To test whether there was significant univariate BOLD activity against baseline, one-tailed, one-sample t tests against 0 were used and the resulting p values were corrected across conditions and time points using the FDR method. To examine whether there were significant differences in univariate BOLD activity between ROIs and conditions, we performed a two-way (ROIs × conditions) repeated-measures ANOVA with each epoch. For subsequent pairwise comparisons between conditions, one-tailed, paired t tests were used, and p values were FDR corrected.
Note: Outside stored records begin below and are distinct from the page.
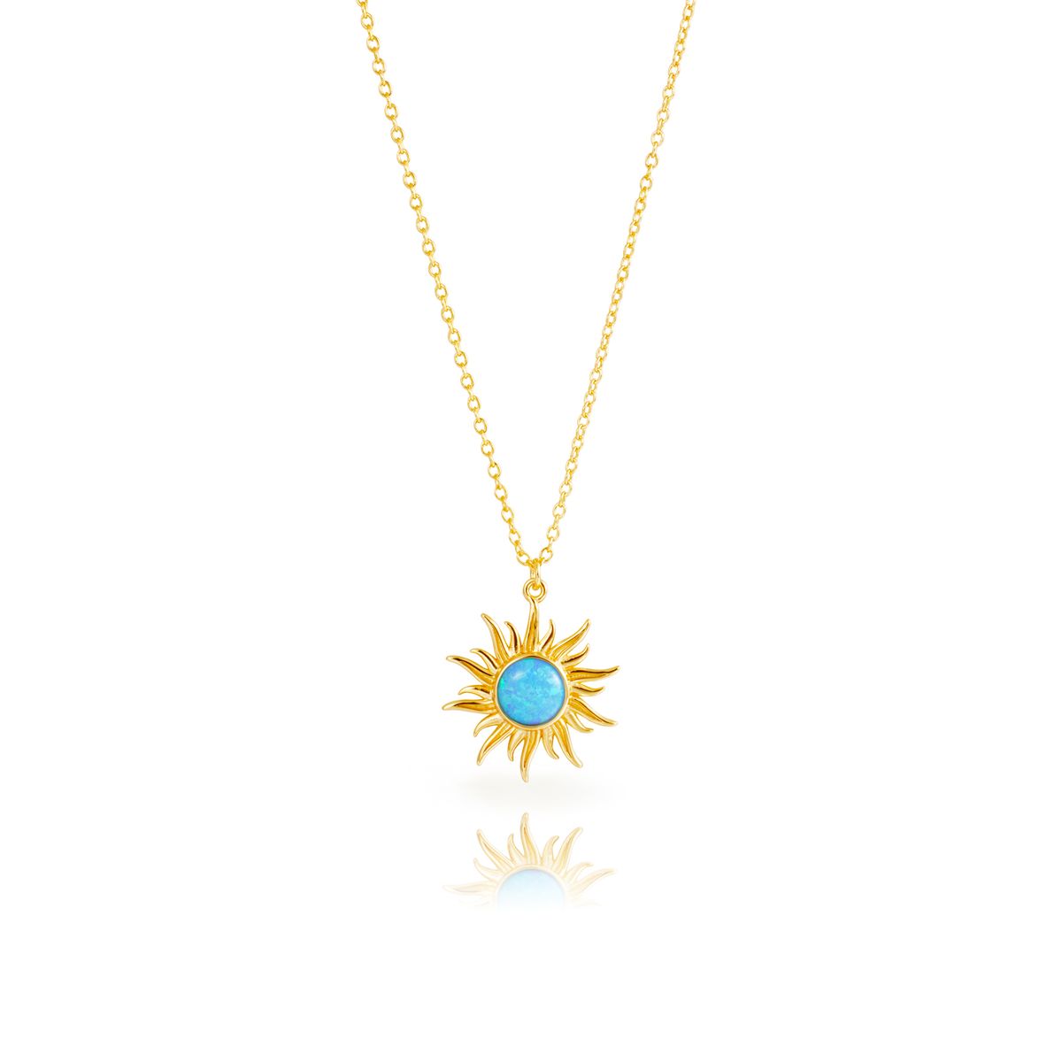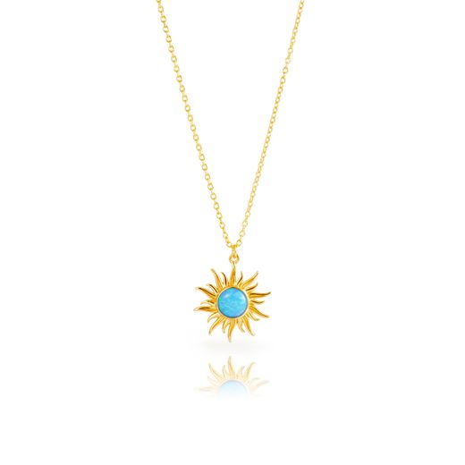 Colgante Plata Dorada 17,5mm COM0155DOOA Sol Piedra Mineral Syn Ópalo Azul. Colgante fabricado en plata de ley 925 bañada en oro de 18kts. Diseño de sol con piedra mineral syn ópalo azul. Peso 2,50gr. Medida 17,5mm. Incluye cadena de 40-47cm. Cierre mosquetón. Certificado de autenticidad y garantía de calidad en los materiales de fabricación. Ref COM0155DOOA
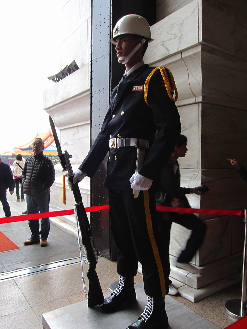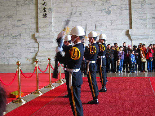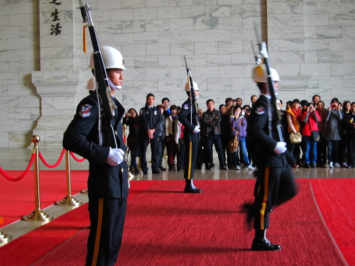 | 中正記念堂は、中華民国初代総統である「蒋介石」を記念した巨大な建築物で、中正記念堂の「中正」とは蒋介石の本名であり、蒋介石に関連するものなどが展示されています。儀仗隊が早朝進駐し、儀仗隊交代式は観光の名物になっています。 |
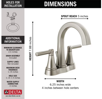 Upgrade your bathroom with the sleek and reliable Delta Faucet Becker Two-Handle Centerset Bathroom Faucet. Designed with a modern mid-arc spout and elegant SpotShield brushed nickel finish, this faucet resists fingerprints and water spots to help keep your sink area looking cleaner for longer. The dual lever handles provide smooth and precise control of hot and cold water, while the durable cartridge valve is tested for long-lasting performance.
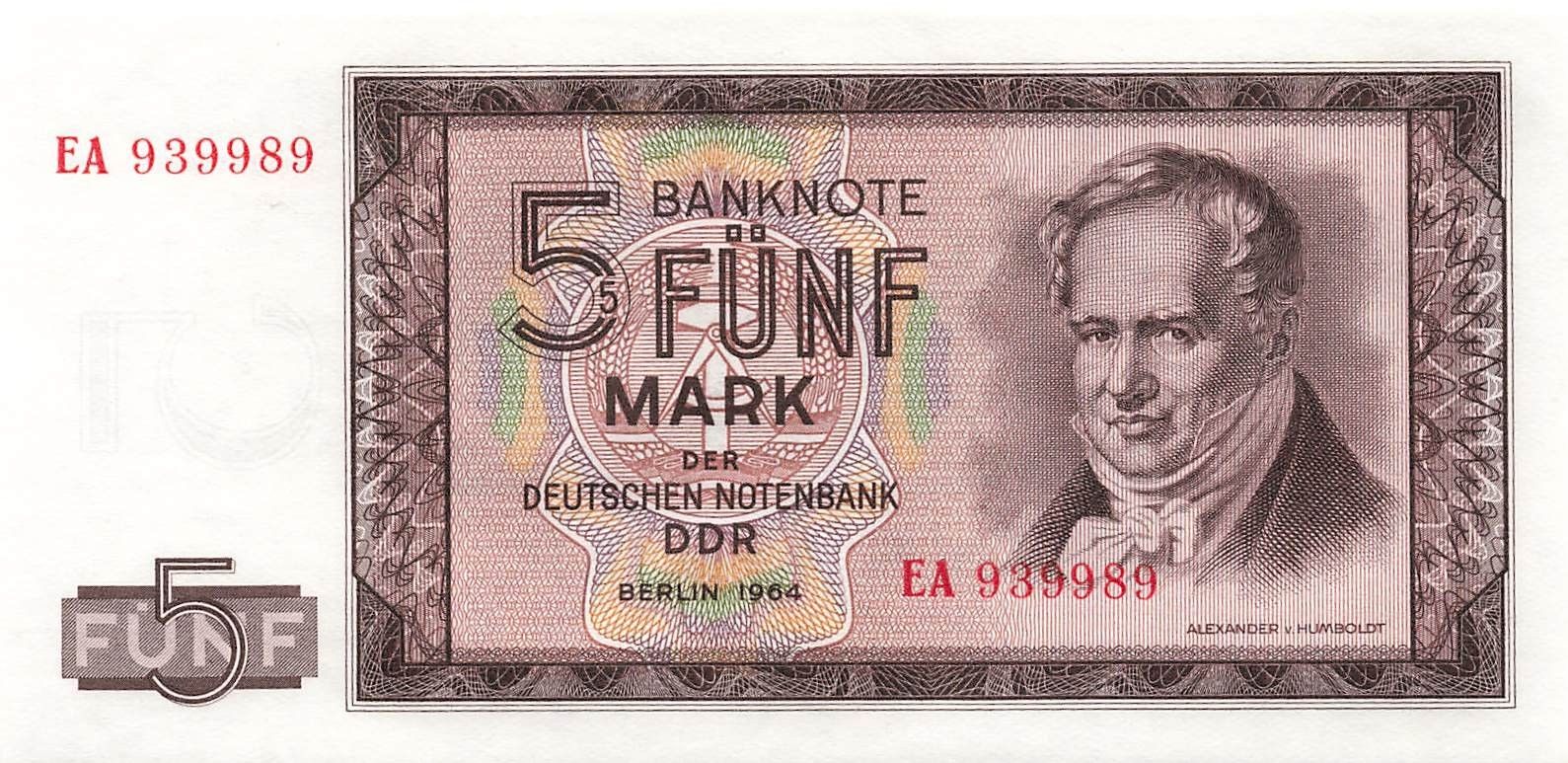 Original DDR Banknote 5 Mark 1964 Alexander v. Humboldt Ro: 354a Kassenfrisch / UNC Zustand: Kassenfrisch Echtheit wird garantiert.

Eye-tracking data analyses

Eye-tracking data in Experiment 2 were preprocessed using methods provided in previous literature (Nystrom and Holmqvist, 2010) and custom codes. Data were first filtered using a Savitzky-Golay FIR smoothing filter. Eye blinks and other artifacts were removed using a velocity-based algorithm and acceleration criteria. Data were then baseline-corrected using average data from −200 to 0 ms before sample onset, and averaged within a 100 ms time window to reduced computational load. To examine whether the decoding differences between conditions were a result of differences in eye movement patterns, we decoded orientations from eye position data. Because eye position data consisted of only two dimensions (x and y coordinates), IEM was not applicable. Instead, we used SVMs to decode orientations. To be specific, we divided all trials into four bins based on their orientations (22.5°-67.5°, 67.5°-112.5°, 112.5°-157.5°, 157.5°-22.5°), and performed SVM classification between bins that were 90° apart. Decoding accuracies were then averaged across classifiers. This procedure was performed for each condition and each time point separately, and decoding results were further averaged across time points of sample and delay periods. Differences in eye position decoding performance between different conditions were evaluated using a one-way repeated-measures ANOVA.